About this task:
An exact, complete copy of the entries is needed, with the pictures left out.

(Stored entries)
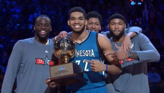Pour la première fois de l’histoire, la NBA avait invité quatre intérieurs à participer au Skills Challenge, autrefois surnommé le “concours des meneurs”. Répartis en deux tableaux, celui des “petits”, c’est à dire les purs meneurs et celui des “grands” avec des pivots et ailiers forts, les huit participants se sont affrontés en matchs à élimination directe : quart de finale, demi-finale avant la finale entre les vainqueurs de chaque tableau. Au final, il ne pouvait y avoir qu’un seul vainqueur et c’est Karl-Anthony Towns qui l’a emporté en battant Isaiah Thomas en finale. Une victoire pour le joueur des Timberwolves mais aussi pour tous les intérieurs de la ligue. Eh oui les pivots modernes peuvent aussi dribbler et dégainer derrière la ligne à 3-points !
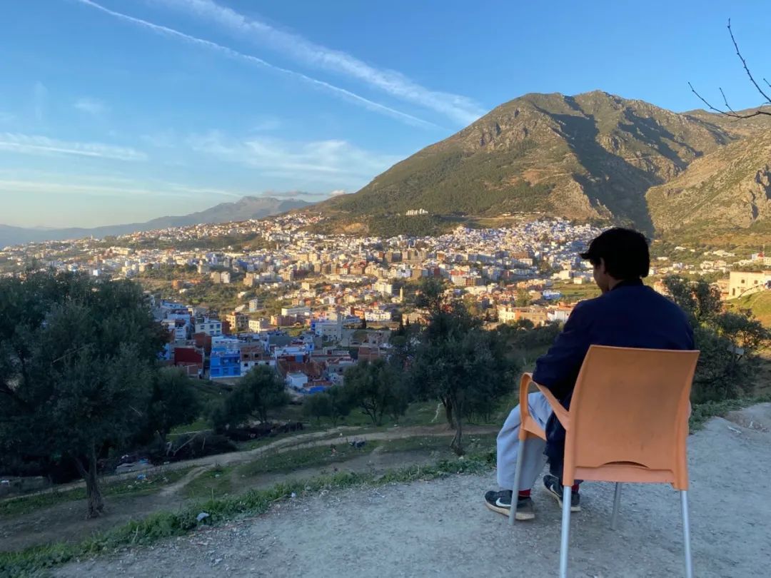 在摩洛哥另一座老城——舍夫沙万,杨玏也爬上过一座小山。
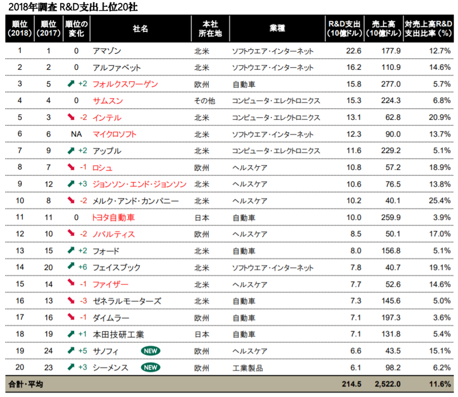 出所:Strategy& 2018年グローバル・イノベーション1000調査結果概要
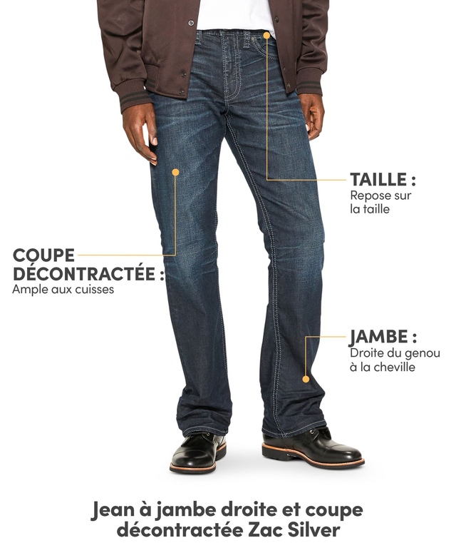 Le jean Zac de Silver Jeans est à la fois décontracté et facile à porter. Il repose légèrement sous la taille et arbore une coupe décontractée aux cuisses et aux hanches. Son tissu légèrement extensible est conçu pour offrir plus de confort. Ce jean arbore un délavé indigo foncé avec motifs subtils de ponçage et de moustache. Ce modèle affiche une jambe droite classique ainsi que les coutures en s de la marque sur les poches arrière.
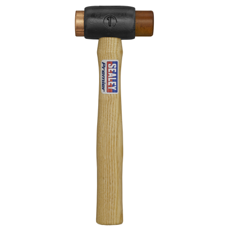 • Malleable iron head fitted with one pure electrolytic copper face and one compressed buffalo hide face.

Written response:
Pour la première fois de l’histoire, la NBA avait invité quatre intérieurs à participer au Skills Challenge, autrefois surnommé le “concours des meneurs”. Répartis en deux tableaux, celui des “petits”, c’est à dire les purs meneurs et celui des “grands” avec des pivots et ailiers forts, les huit participants se sont affrontés en matchs à élimination directe : quart de finale, demi-finale avant la finale entre les vainqueurs de chaque tableau. Au final, il ne pouvait y avoir qu’un seul vainqueur et c’est Karl-Anthony Towns qui l’a emporté en battant Isaiah Thomas en finale. Une victoire pour le joueur des Timberwolves mais aussi pour tous les intérieurs de la ligue. Eh oui les pivots modernes peuvent aussi dribbler et dégainer derrière la ligne à 3-points !
 在摩洛哥另一座老城——舍夫沙万,杨玏也爬上过一座小山。
 出所:Strategy& 2018年グローバル・イノベーション1000調査結果概要
 Le jean Zac de Silver Jeans est à la fois décontracté et facile à porter. Il repose légèrement sous la taille et arbore une coupe décontractée aux cuisses et aux hanches. Son tissu légèrement extensible est conçu pour offrir plus de confort. Ce jean arbore un délavé indigo foncé avec motifs subtils de ponçage et de moustache. Ce modèle affiche une jambe droite classique ainsi que les coutures en s de la marque sur les poches arrière.
 • Malleable iron head fitted with one pure electrolytic copper face and one compressed buffalo hide face.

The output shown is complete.